* _Your objective_
From the first line of the entries below through the line bearing "X censors a", write out each line exactly. Omit pictures.

* _The data_

------------------------------------------------

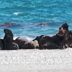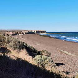 Wir fahren von Puerto Madryn Richtung Norden zum Playa Garipe, einer schönen Bucht mit Sandstrand, von hier soll man Wale beobachten können. Ein paar Wale ziehen vorbei, sieBaca lagi
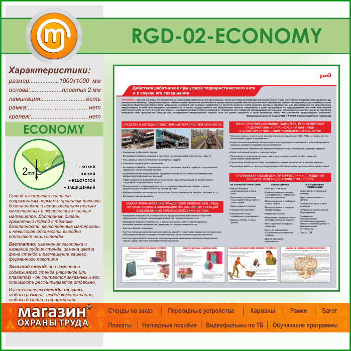Стенд «Действия работников при угрозе совершения террористического акта и в случае его совершения» (RGD-02-ECONOMY) в Улан-Удэ купить
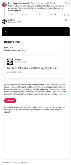 X censors a user's post: A user on X posted "Fun Fact: @JoeBiden @POTUS is going to die..." According to a screenshot shared by the user, X removed the post for "Violating one of [its] rules." It is unclear which rule was violated.
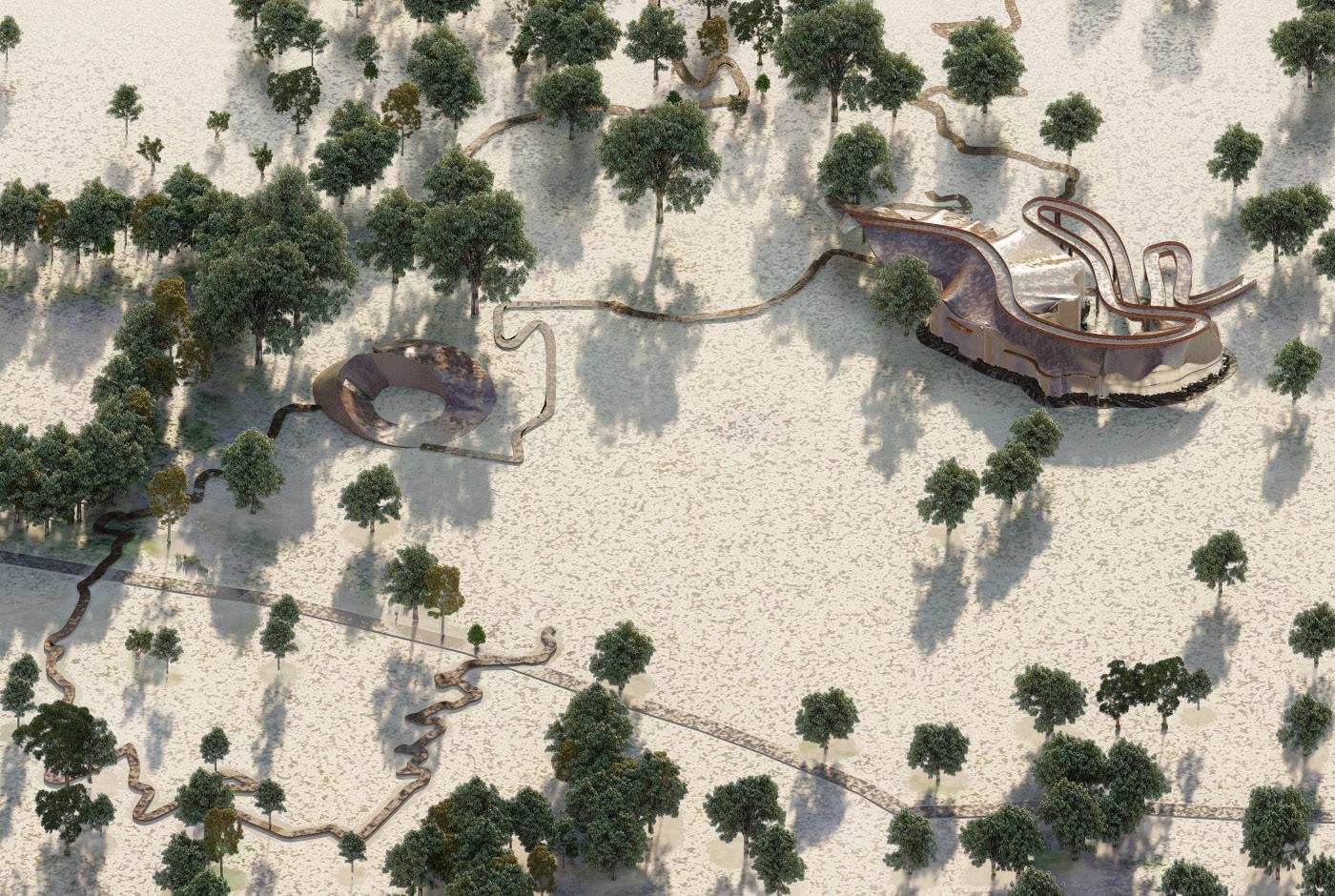 Our proposal creates immediate opportunities for community enrichment, with a new designated campsite and amenities building, Uncle Lenny’s open door policy is honoured, and visitors are encouraged to live on, and learn from country. Our design progresses into a art, culture and education precinct, and then continues to grow and spread across the site, increasing enterprise and tourism opportunities as it does.
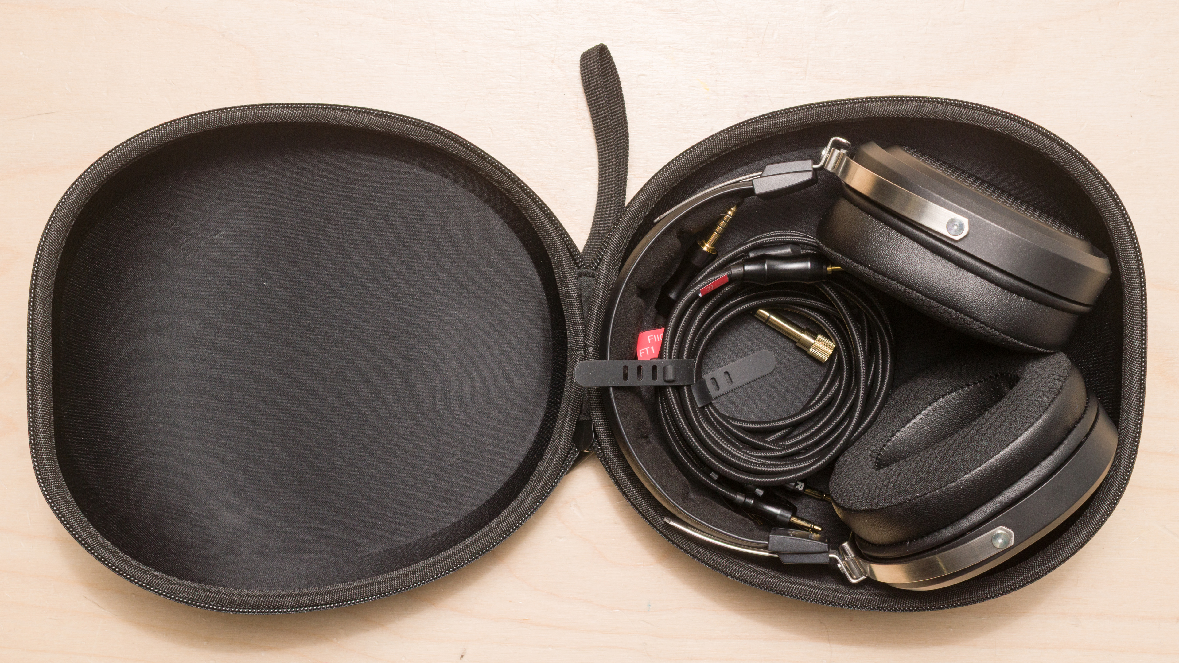 These headphones come with a case that's identical to the one that comes with the FIIO FT1. It's a semi-hardshell design, with a little give to the exterior. It's equipped with a smooth, high-quality zipper with a fabric loop so you can hold it by hand. There are no foam cutouts or padding on the inside to hold the headphones in place, but there's plenty of space to stash cables and accessories.

------------------------------------------------

* _Task result_
 Wir fahren von Puerto Madryn Richtung Norden zum Playa Garipe, einer schönen Bucht mit Sandstrand, von hier soll man Wale beobachten können. Ein paar Wale ziehen vorbei, sieBaca lagi
Стенд «Действия работников при угрозе совершения террористического акта и в случае его совершения» (RGD-02-ECONOMY) в Улан-Удэ купить
 X censors a user's post: A user on X posted "Fun Fact: @JoeBiden @POTUS is going to die..." According to a screenshot shared by the user, X removed the post for "Violating one of [its] rules." It is unclear which rule was violated.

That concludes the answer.